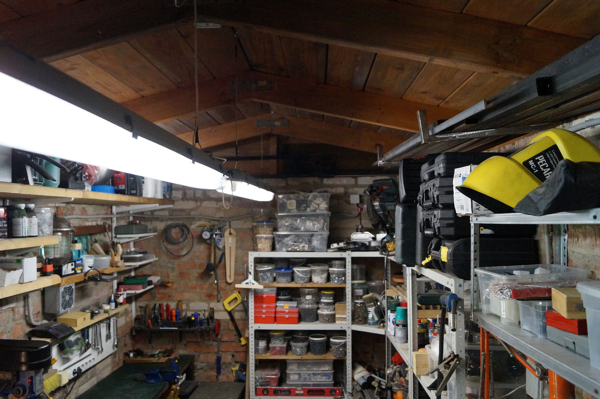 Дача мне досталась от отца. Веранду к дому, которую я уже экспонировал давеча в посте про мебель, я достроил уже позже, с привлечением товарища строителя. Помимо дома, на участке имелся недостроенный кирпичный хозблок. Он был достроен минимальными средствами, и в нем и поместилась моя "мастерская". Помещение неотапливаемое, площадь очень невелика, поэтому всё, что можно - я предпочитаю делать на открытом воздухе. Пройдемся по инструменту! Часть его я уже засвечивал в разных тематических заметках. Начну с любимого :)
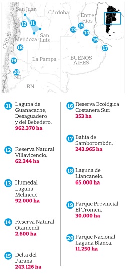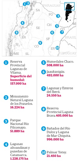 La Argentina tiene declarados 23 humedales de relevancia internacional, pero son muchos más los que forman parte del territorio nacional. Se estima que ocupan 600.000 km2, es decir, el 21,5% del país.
★ ★ ★ ★ ★ ★ ★
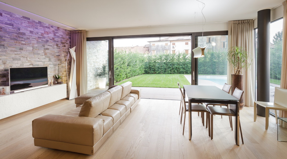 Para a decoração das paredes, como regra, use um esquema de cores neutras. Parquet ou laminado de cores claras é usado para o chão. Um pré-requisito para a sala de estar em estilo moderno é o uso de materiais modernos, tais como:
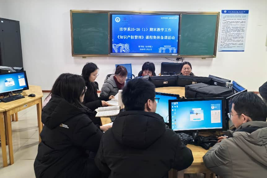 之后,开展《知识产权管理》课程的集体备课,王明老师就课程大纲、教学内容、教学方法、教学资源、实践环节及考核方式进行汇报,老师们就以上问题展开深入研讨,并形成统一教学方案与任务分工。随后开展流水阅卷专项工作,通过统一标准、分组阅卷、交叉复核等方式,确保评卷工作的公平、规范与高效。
★ ★ ★ ★ ★ ★ ★
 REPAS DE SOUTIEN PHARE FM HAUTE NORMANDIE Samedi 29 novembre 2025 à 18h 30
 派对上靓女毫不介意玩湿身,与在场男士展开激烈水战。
★ ★ ★ ★ ★ ★ ★
- _Work to be completed_
Take the entries above and copy exactly the lines starting at the one with "Para a decoração" and ending at the one with "之后,开展《知识产权管理》课"; nothing outside that span, and no pictures.

- _Task result_
 Para a decoração das paredes, como regra, use um esquema de cores neutras. Parquet ou laminado de cores claras é usado para o chão. Um pré-requisito para a sala de estar em estilo moderno é o uso de materiais modernos, tais como:
 之后,开展《知识产权管理》课程的集体备课,王明老师就课程大纲、教学内容、教学方法、教学资源、实践环节及考核方式进行汇报,老师们就以上问题展开深入研讨,并形成统一教学方案与任务分工。随后开展流水阅卷专项工作,通过统一标准、分组阅卷、交叉复核等方式,确保评卷工作的公平、规范与高效。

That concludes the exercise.